Она встала, пора варить корм свиньям. Шёл дождь, мокрый двор блестел чистотой. Вдруг Хэй заметила красные отблески над соседним двором и изумилась. Взобравшись по прислонённой к стене лестнице, она увидела, что сосед разводит на приступке костёр. Сидя на корточках у огня, он зажал один конец нового коромысла под дверью, другой направил в огонь и с силой гнул его вниз. Тутовое коромысло длиной в восемь с лишним чи[3] изогнулось и приняло форму лука. Хэй крикнула:

— Муду, чего рано встал? В кои веки пошёл дождь, повалялся бы в своё удовольствие!

Муду испуганно обернулся. Сполохи огня отражались на его лице, от чего оно приобрело оттенок свиной крови, приготовленной под соевым соусом. Увидев, что это Хэй, он шумно рассмеялся.

Хэй продолжила:

— С чего столько внимания к какому-то коромыслу?

— Если его не размягчишь, то оно плечи режет!

— Всё равно давить будет… а ты собрался на южную гору за ситником?

— Лысый с южного подворья делает за три дня одну ходку, зарабатывает на этом больше трёх юаней, а у меня силёнок будет побольше, чем у него.

— Другие уезжают большие деньги делать, получают по восемьсот да по тысяче…

— Да у меня машины нет, а хоть и была бы, то всё равно не моё это дело.

Хэй, взирая со стены на соседа, глубоко вздохнула. Ей было жалко этого Муду, семья у него была бедная, а сам он умом не вышел, жил со стареньким отцом. Соседу было уже тридцать два — тридцать три, а он всё ещё не мог жениться. Штопать его вещи было некому, портки прохудились, швы из белых и чёрных ниток стягивали ткань. У неё чуть было не вырвалось: «Где уж тебе до Лысого! Путь за травой лежит по горам, и такому неуклюжему, как ты, нужно быть начеку», — но Хэй промолчала. Она уж было собралась возвращаться к себе, как Муду закричал:

— Хэй, держи горяченькую!

Он сунул руку в костёр и вытащил оттуда что-то чёрное. Перекидывая это из руки в руку и громко втягивая воздух, Муду подбежал к стене, встал на носки и протянул вверх. Хэй увидела, что это была картофелина размером с кулак. Хэй сказала:

— Я не буду, ещё не умывалась, — и спустилась на одну ступеньку.

Но увидев, что Муду сменил руку и продолжает тянуться к ней, да так, что оголился его загорелый живот, Хэй снова поднялась. Она взяла картошку, обжигающую, как кусок угля, и, разломив, откусила от одной из пышущих жаром белоснежных половин.

Муду спросил:

— Ну как, рассыпчатая? — и, довольно улыбнувшись, рассмеялся.

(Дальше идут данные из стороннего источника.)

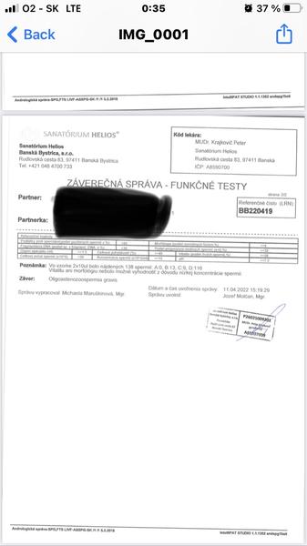 Ahojte. Priateľ bol na spermiograme ale výsledky sú vraj zle. Ja sa do toho nerozumiem. Záver je Oligoastenozoospermia. Myslite že by mohlo pomôcť zlepšiť spg vitamínmi? Mate dakto skúsenosť? Ja mam pcos a bez ovulácie. Tak sme chceli skúsiť clostybergit najprv ale keďže výsledky spg sú hrozné takze mi to dr nepredpise. Prikladám aj foto výsledkov. Ďakujem za odpovede

Хэй уже спустилась с лестницы, голова её промокла от дождя, с неё ручьём текла вода.

II

К зиме Муду сломал два коромысла, кожа на плечах огрубела, вечно стиснутые пальцы тоже привыкли и перестали болеть. Дома же мало что изменилось. На соль и масло денег хватало, они с отцом выправили новые ватники, жили не то чтобы зажиточно, но и не в крайней нужде.

Шестого числа одиннадцатого месяца по лунному календарю солнце на небе было ярко-красным. Отец с сыном сделали новое, ещё более длинное коромысло, обожгли его на огне, отполировали куском черепицы, смазали несколько раз маслом до зеркального блеска. В полдень посередине двора они поставили алтарь с благовониями, положили на него коромысло с красными ленточками на обоих концах. Муду встал на колени и начал отбивать в пыли поклоны во славу духа коромысла. Муду помнил, что это коромысло дало ему деньги на мелкие расходы, но он больше не хотел носить ситник. Пока стоят холода, Муду собрался отправиться далеко в горы таскать уголь.

После церемонии отец повязал на коромысло мешочек с сухими припасами, сыну сзади на пояс — шесть пар соломенных сандалий и проводил Муду в путь. Муду вышел на улицу, затем повернулся и снова приблизился к воротам. Перешагнув порог, он вновь повернулся, простучал зубами тридцать шесть раз, затем большим пальцем правой руки нарисовал на земле четыре продольные, а потом пять поперечных линий. Закончив с этим, Муду забормотал:


— Четыре продольных и пять поперечных,

Я сегодня отправляюсь в путь.

Пусть князь Юй[4] охраняет тропу,

А солдаты Чию[5] держатся от меня подальше,

Да не тронут меня грабители и разбойники,

И не навредят тигры и волки.

Я вернусь в родные края,

Преградивший мне путь пусть умрёт.

Да распорядится всем сокровенная дева девятого неба.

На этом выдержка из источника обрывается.